My mother-in-law gave me my first issue of Stampington & Co.'s Art Doll Quarterly two years ago for a Christmas gift. I was hooked, I was obsessed, I wished Michael's was open on Christmas so I could purchase and start playing with these new materials explained in the pages of ADQ right away!

For two years I have been experimenting with dolls. I have made a series of hand-sewn angel dolls. I have made some large cloth and clay dolls who still haven't told me what hair style they would like to wear! I have made a doll out of a beer bottle.

I have been experimenting, searching, discovering, and exploring several doll styles that interest me the most. And finally, I fell into a very happy creative groove! Miss Sophia Maria came to be...she makes me smile from ear to ear! And so with this in-depth introduction, I give you Miss Sophia Maria:

Miss Sophia Maria is 11.5 inches long and 5 inches wide from elbow to elbow. She is hand-sculpted with Creative Paper Clay over a 12 gauge wire armature and a 1.5 inch styrofoam ball. Her arms are sculpted over 18 gauge wire while her legs are sculpted over the 12 gauge wire. Her limbs are attached with looped and twisted wire (which is the most challenging part for me at this time.) I then gessoed, painted her with acrylic paint, and sealed her with satin varnish. I like the slightly gritty look, so I typically don't sand my dolls.

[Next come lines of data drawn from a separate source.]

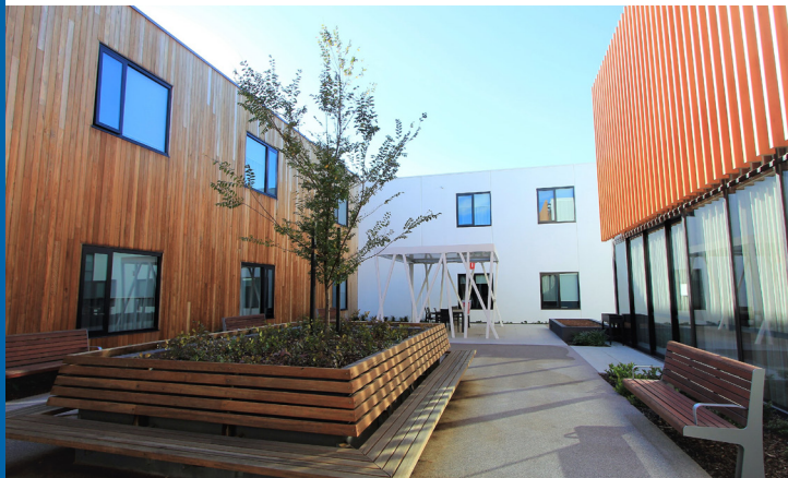
Courtyard space at Epping Gardens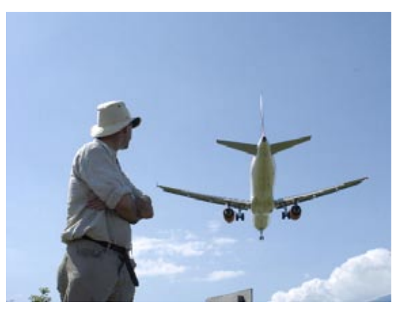
Image: Cardiff International Airport.

Stand alone / integrated / community based designs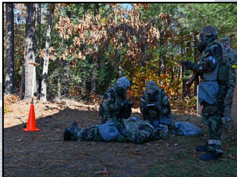
104th Communications Flight Airmen respond to an exercise scenario while on a Post-Attack Reconnaissance team sweep during a midpoint inspection readiness exercise November 6, 2021 at Barnes Air National Guard Base, Massachusetts. Midpoint inspections are conducted to evaluate the wing's capabilities to respond to threats in a contested, degraded, and operationally limited environment.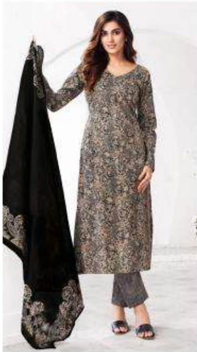
401 - D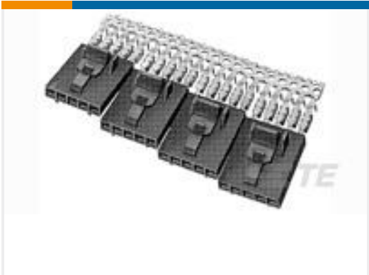
TE Part #5-103961-3 5X4 MTE RCPT SR LATHC .100CL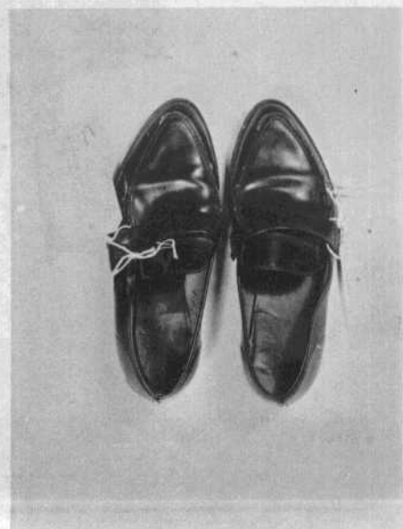
COMMISSION EXHIBIT 149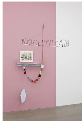
Nathan Carter Metro Olympiades (Light Blue Shelf) , 2013 Aluminum, steel, wood, enamel paint, wire and plastic 63,5 x 15,5 x 101 cm Unique (NC 096)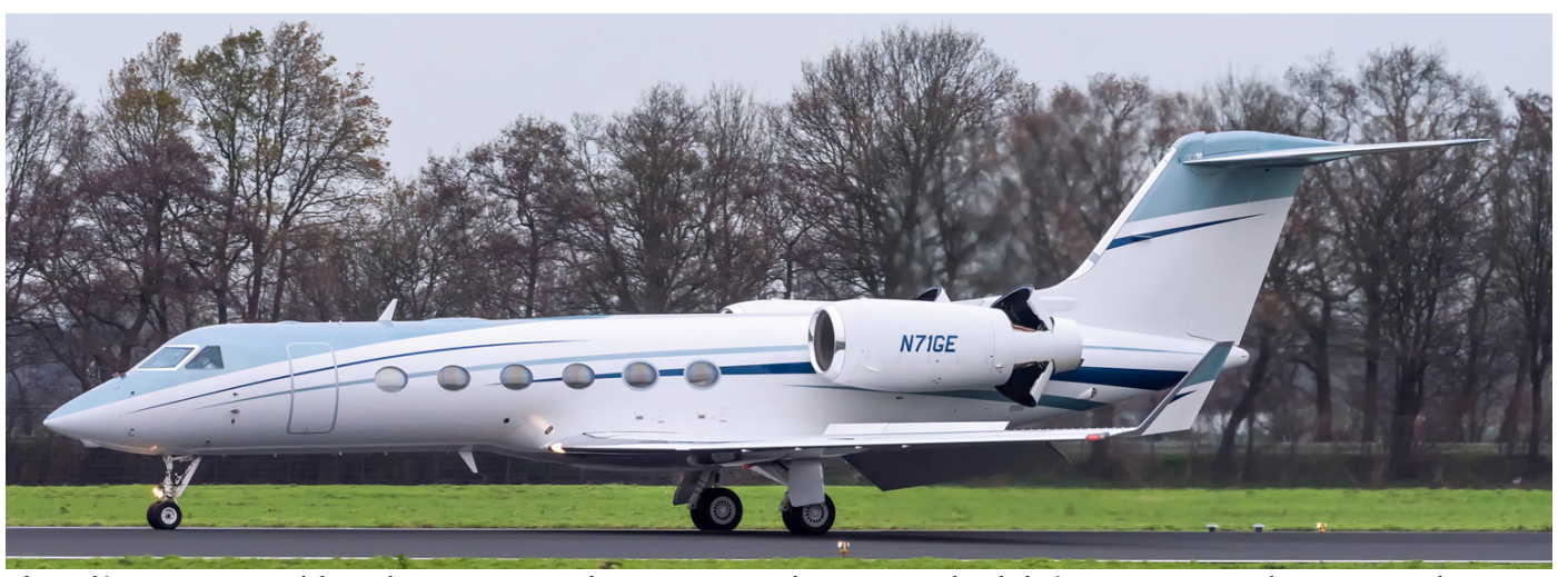
This Gulfstream G450 was delivered to NasJet in March 2014. It was caught on camera shortly before returning to Dubai via Luton where it was subsequently reregistered to N125GG. (Rotterdam - The Hague, 6 December 2017,)

My favorite part is next! I have a stash of fabrics that I have collected from flea markets, craft stores, thrift stores, and friends. I don't use patterns to design my doll's clothes. Instead, I pick out the fabrics I want to work with and then I hand sew them directly to the doll. I use superglue to attach accessories like her hat.

Finally I make her accessories to match her dress. A necklace and bracelet made of glass beads, as well as a little heart-shaped purse complete her outfit. I secured her purse directly to her so that she is always properly accessorized and ready for the town.